Weird Object Zooming by Earth Wednesday is Likely an Asteroid
This image of the small asteroid 2010 AL30 was taken in Jan. 11, 2010, when the space rock was discovered, by astronomers at the Skylive-Grove Creek Observatory in Australia. It was released by the Remanzacco Observatory. (Image credit: Ernesto Guido/Giovanni Sostero/Remanzacco Observatory.)

This story was updated at 7:33 p.m. ET.

A weird object that left some observers wondering if it was a piece of space junk is most likely just a small asteroid, and will zoom close by Earth Wednesday, NASA scientists say. It may be visible to seasoned amateur astronomers as it passes harmlessly by the planet.

The space rock won't hit the Earth, but it will make its closest approach at 7:45 a.m. EST (1245 GMT) when it comes within 80,000 miles (130,000 km) of our planet. That's nearly one-third the distance between the Earth the moon.

"I looked at this object closely yesterday morning and concluded that this object is probably not artificial," said Paul Chodas, a scientist at NASA's Near-Earth Object Office at the Jet Propulsion Laboratory in Pasadena, Calif.

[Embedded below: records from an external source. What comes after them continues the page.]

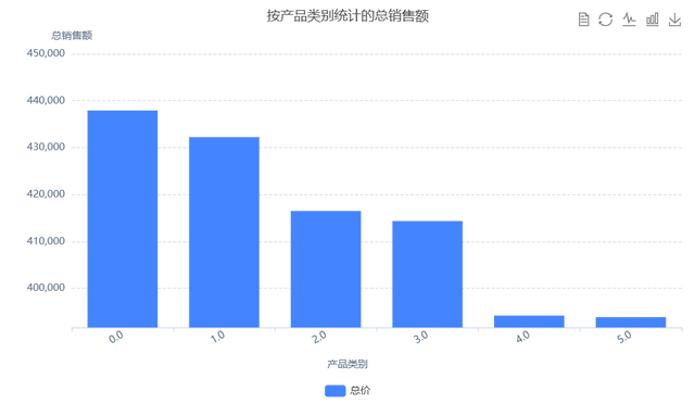 从柱状图中可以看出,百货类别的总销售额最高,而电器类别的总销售额最低。通过按产品类别统计的总销售额,可以直观地看到不同类别的销售表现。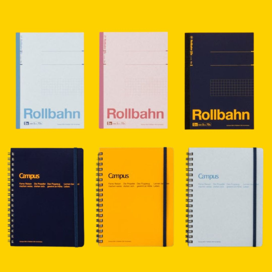 デルフォニックスからは、「キャンパスノートB6サイズ」をベースに、デザインされたロゴは「Rollbahn」、無線とじ製本や記入スペースなどキャンパスノートのデザインながら、中紙は5mm方眼・クリーム色のロルバーン専用用紙で、ライトピンク、ライトブルー、ダークブルーの3色展開。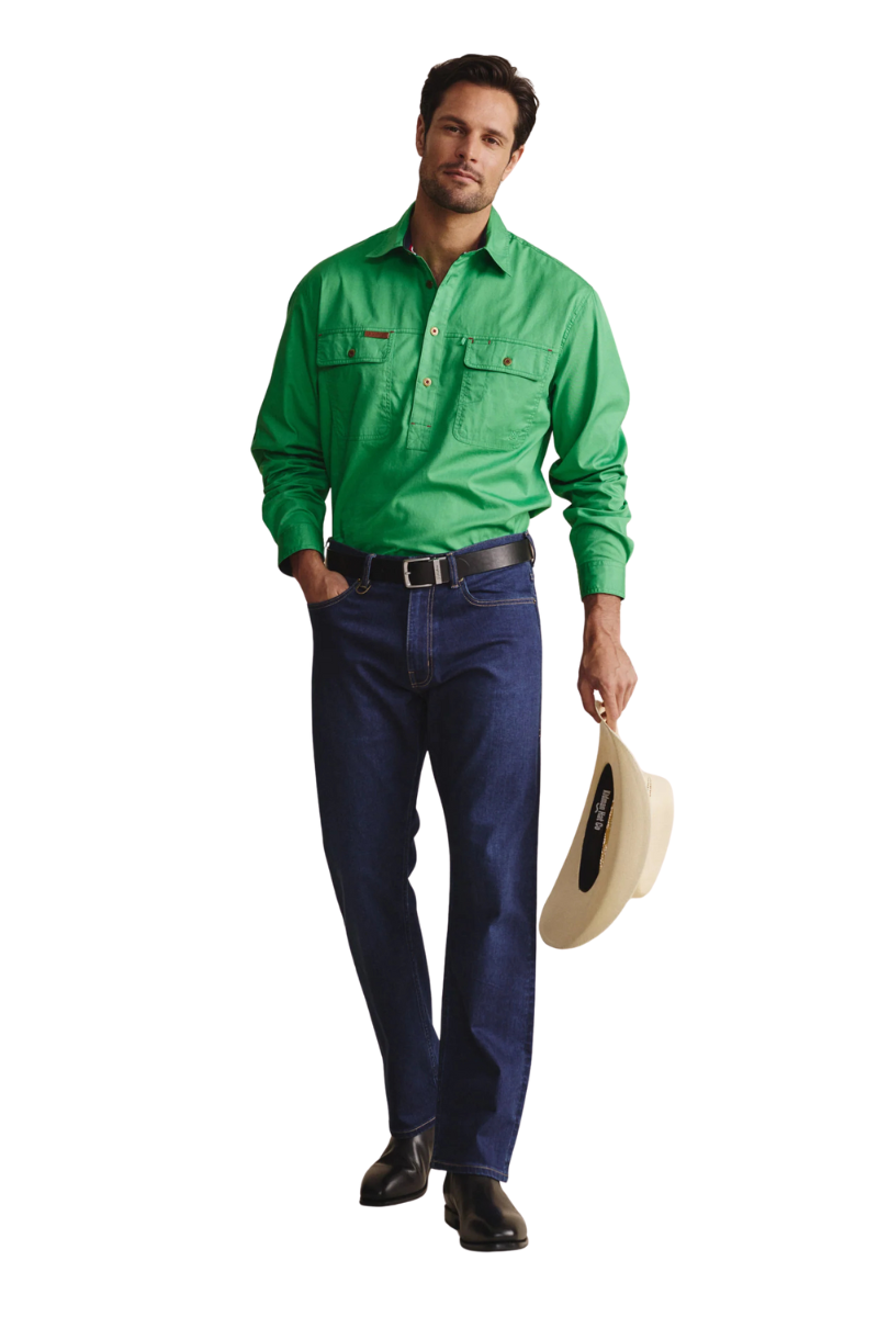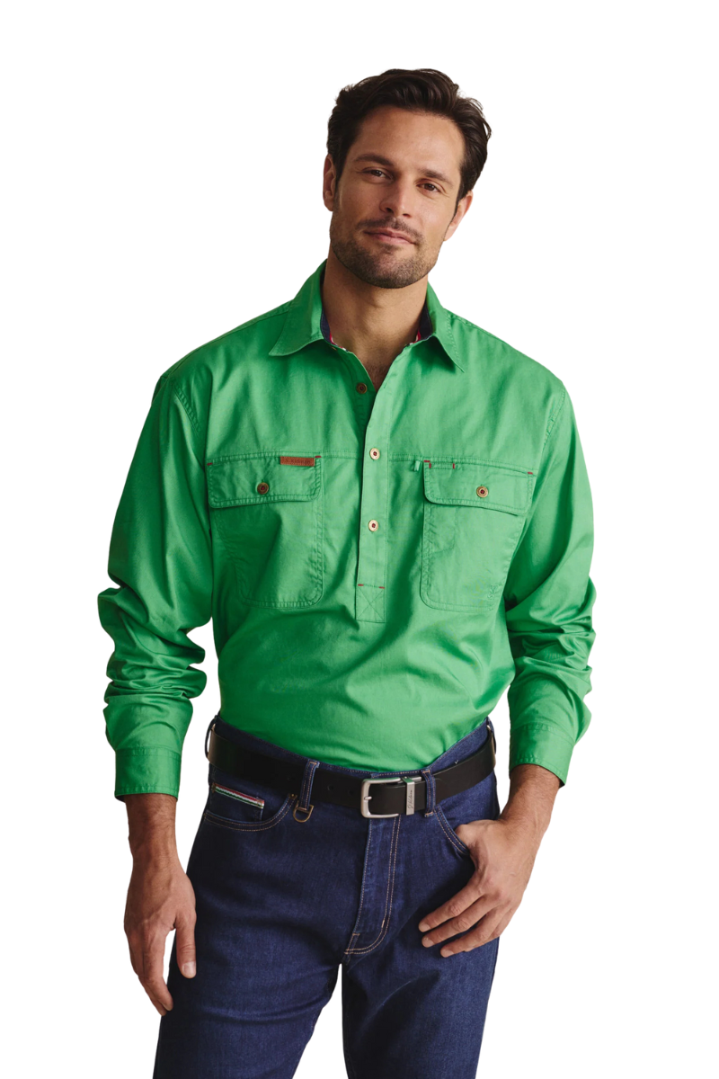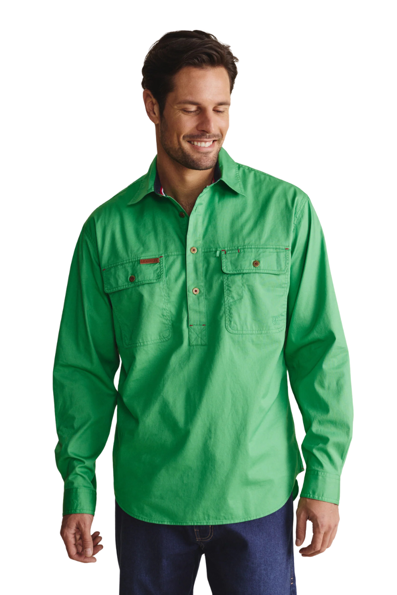 S.Kidman Mens Brockman Half Button L/S Work Shirt (1SHM00131) Green S
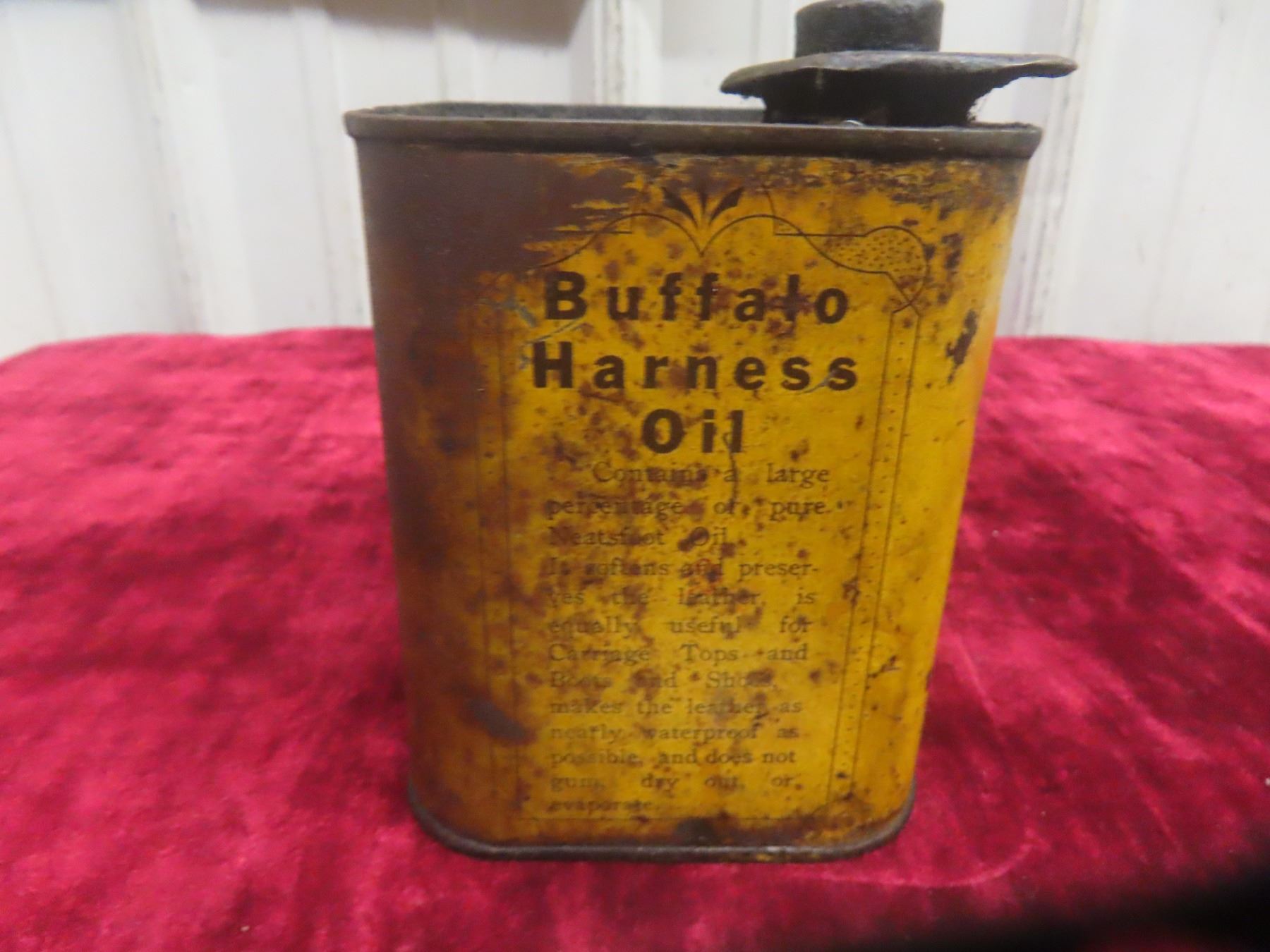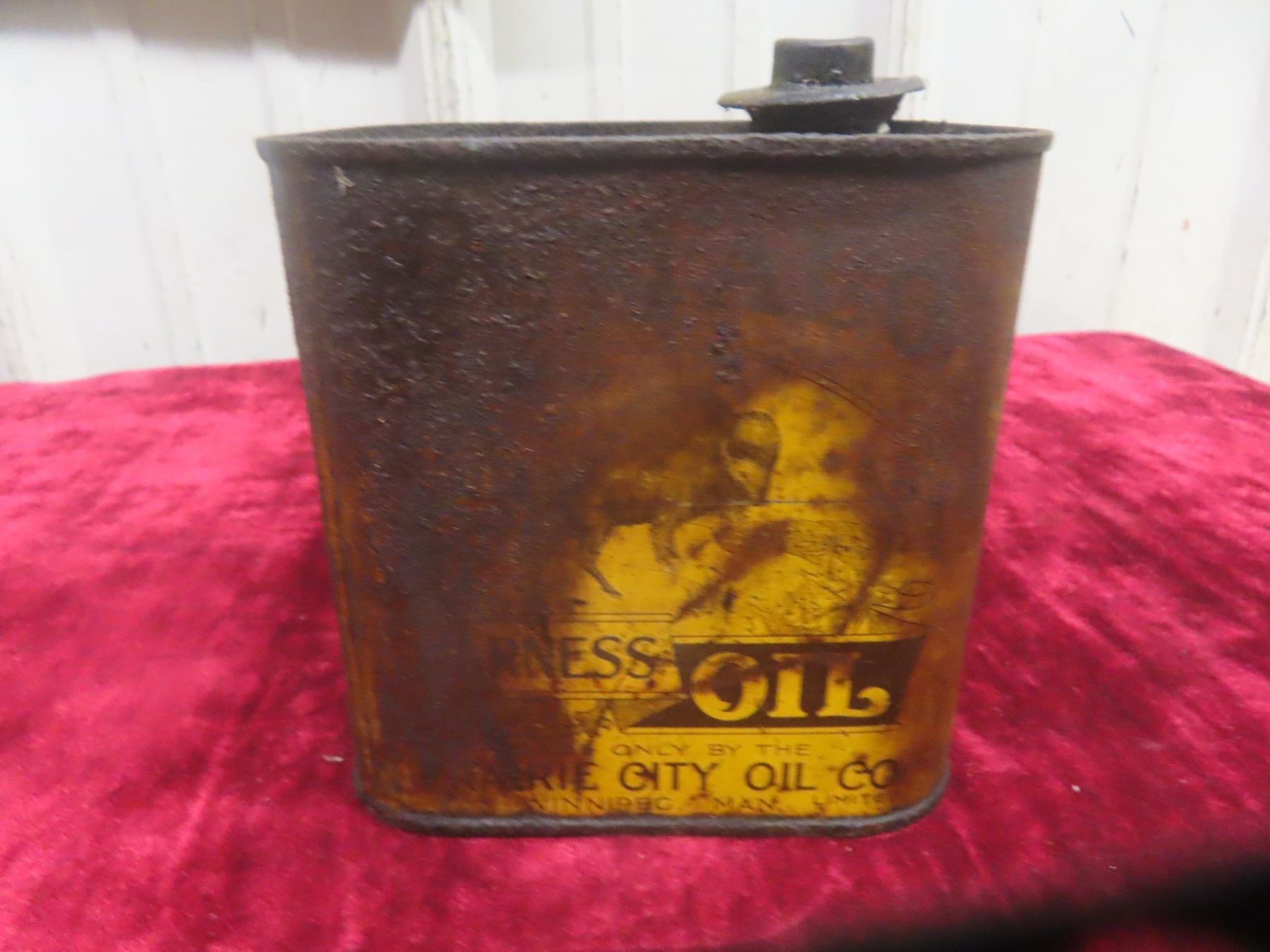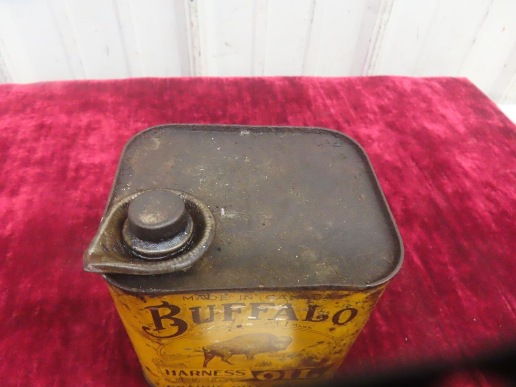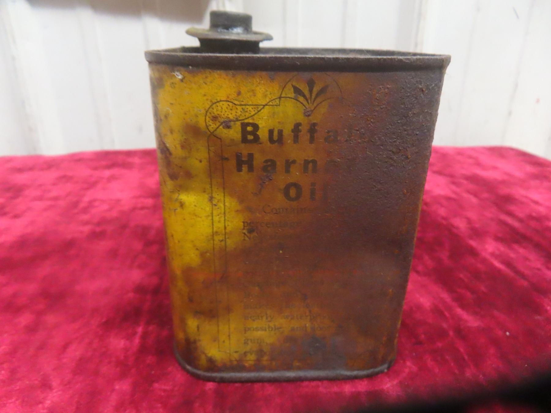 Buffalo Harness Oil Can, Prairie City Oil Co. 4 3/4"x4 3/4"x3 3/4"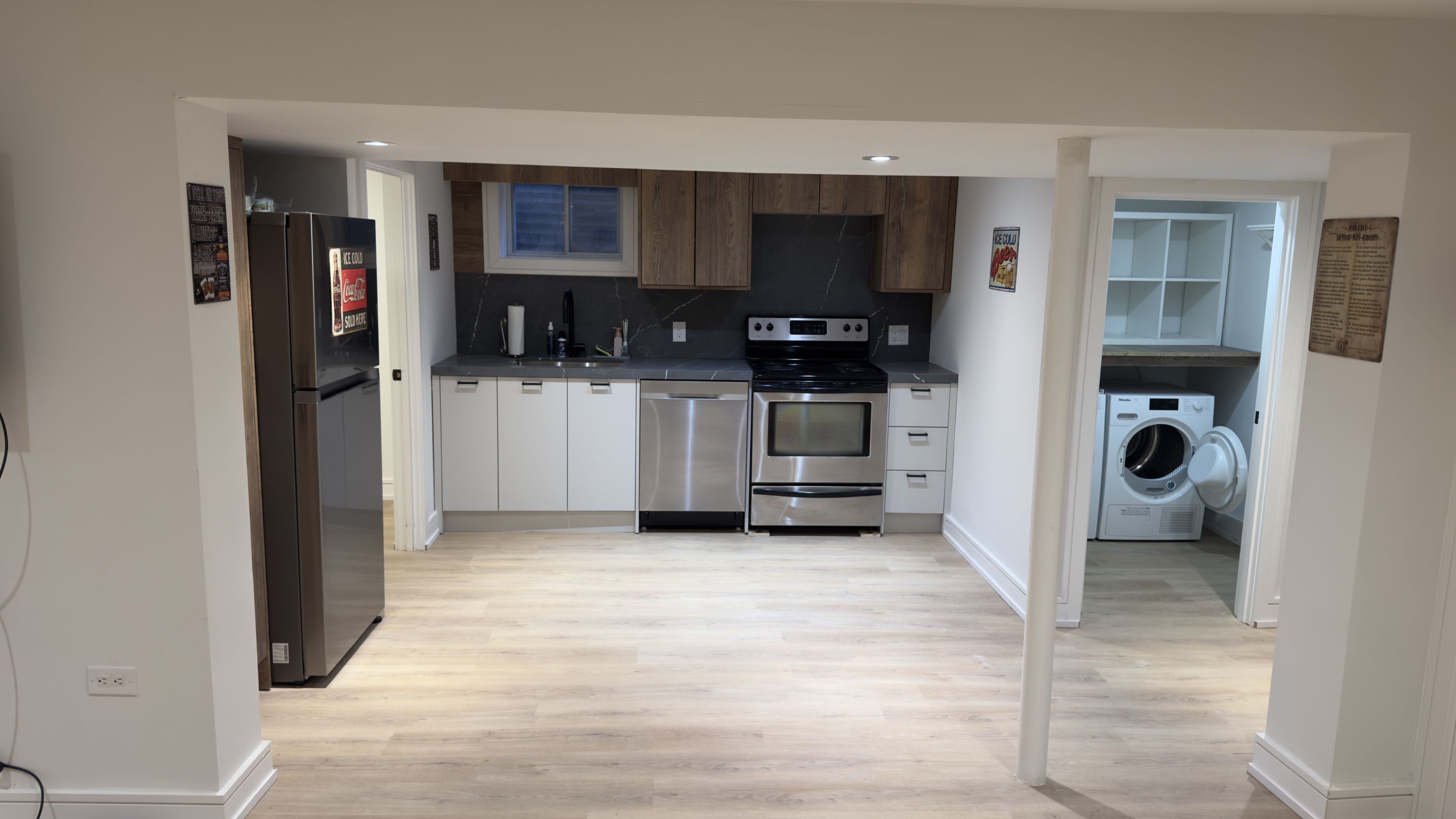 Bright and spacious 1-bedroom basement apartment featuring a full 3-piece washroom and a modern kitchen with stove, dishwasher, fridge, and sink. This private unit offers plenty of natural light, a comfortable layout, and in-unit washer and dryer. Conveniently located in a prestigious neighbourhood, with easy access to local amenities, the future subway station, and nearby golf club. A must-see!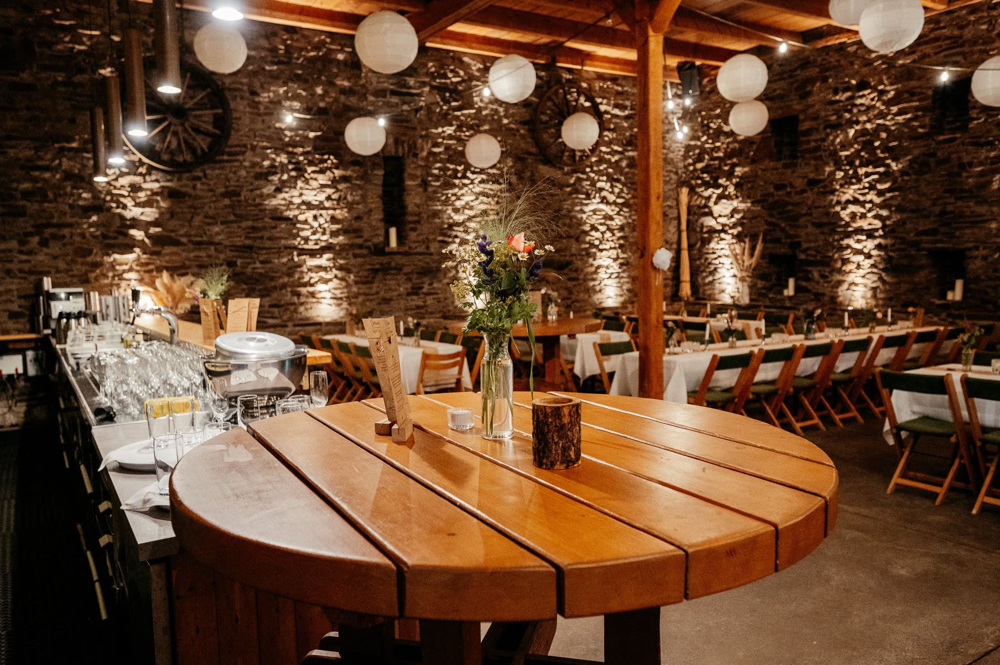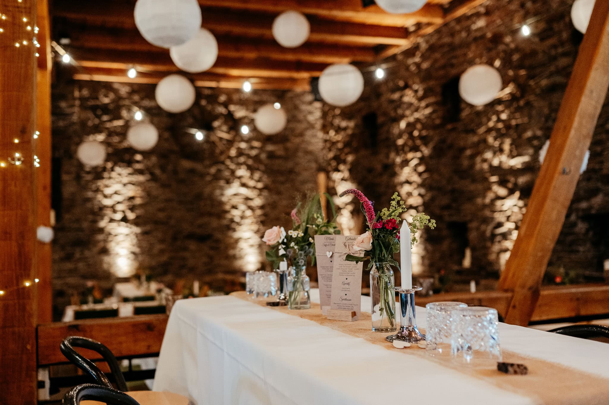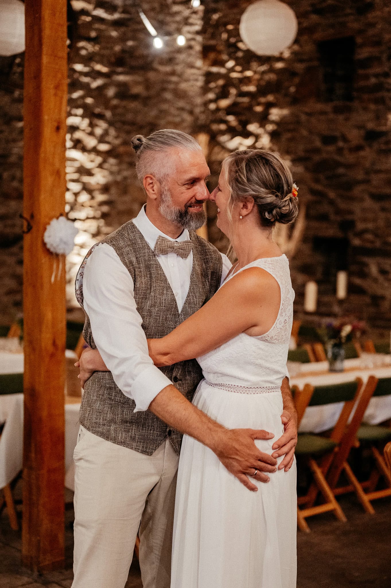 Wenn der Tag langsam in den Abend übergeht, verändert sich die Stimmung in der Scheune spürbar. Das Licht wird weicher, die Atmosphäre ruhiger und intimer. Diese Stimmung trägt die Bilder fast von selbst und sorgt für emotionale Aufnahmen, die Euren Hochzeitstag stimmungsvoll abrunden.

But Chodas said the asteroid's trajectory is not the kind used to transfer spacecraft out of Earth's orbit, nor is the space rock followed by other objects that escaped from Earth or lunar space. The asteroid was also far from Earth during the Apollo lunar missions of the late 1960s and 1970s, when many spacecraft were launched into the space near the moon, Chodas said.